| Table of Contents, relating the papers and the PVS source. | Detailed description of the files in this directory | Download! | Jump to my home page |
All three papers investigate coalgebras for bivariant functors Set x Set --> Set and their properties. Paper [2] is an extended version of [1]. Paper [3] is a successor that deals with some questions that have been left open in [2].
Coalgebras for endofunctors C --> C can be used to model classes of object-oriented languages. However, binary methods do not fit directly into this approach. This paper proposes an extension of the coalgebraic framework, namely the use of extended polynomial functors CxC --> C. This extension allows the incorporation of binary methods into coalgebraic class specifications. The paper also discusses how to define bisimulation and invariants for coalgebras of extended polynomial functors and proves many standard results.

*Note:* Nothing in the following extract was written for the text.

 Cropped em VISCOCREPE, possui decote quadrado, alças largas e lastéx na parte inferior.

A generalised notion of coalgebra that is capable of modelling binary methods as they occur in object-oriented programming has been introduced in [2]. An important problem with this generalisation is that bisimulations are not closed under union and that a greatest bisimulation does not exists in general. There are two possible approaches to improve this situation: First, to strengthen the definition of bisimulation, and second, to place constraints on the coalgebras (i.e., on the behaviour of the binary methods). In this paper I use both approaches to show that (under reasonable assumptions) the greatest bisimulation does exist for all coalgebras of extended polynomial functors.
Althoutgh PVS' dependently typed logic is quite expressive, there are certain limitations. Therefore I could not formalize the class of functors that I discuss in the papers. This implies that also the main propositions of the paper have not been proved within PVS. But for those results that are obtained by induction on the structure of the functor, I formalized the inductive predicate and proved all the induction steps in PVS.

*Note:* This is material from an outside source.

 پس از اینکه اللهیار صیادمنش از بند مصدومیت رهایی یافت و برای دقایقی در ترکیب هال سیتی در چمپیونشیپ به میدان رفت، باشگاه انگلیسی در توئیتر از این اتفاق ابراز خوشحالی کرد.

The directory contains also certain prove attempts for lemmas, which do not hold in general. The name of these "non-lemmas" ends in _unprovable, for instance cofib_exp_unprovable in theory FibProps, file fibprops.pvs, which states cofibredness for the exponent of predicates. Of course there are no proofs for unprovable lemmas. I decided to keep these lemmas and their partial proofs in this distribution, because these proof attempts contain valuable information for the construction of counter examples.
All together, this directory contains about 700 Lemmas and more than 9000 proof commands to prove them. This was not only a chellenge for me, it also resulted in more than 40 bug reports for PVS, see here.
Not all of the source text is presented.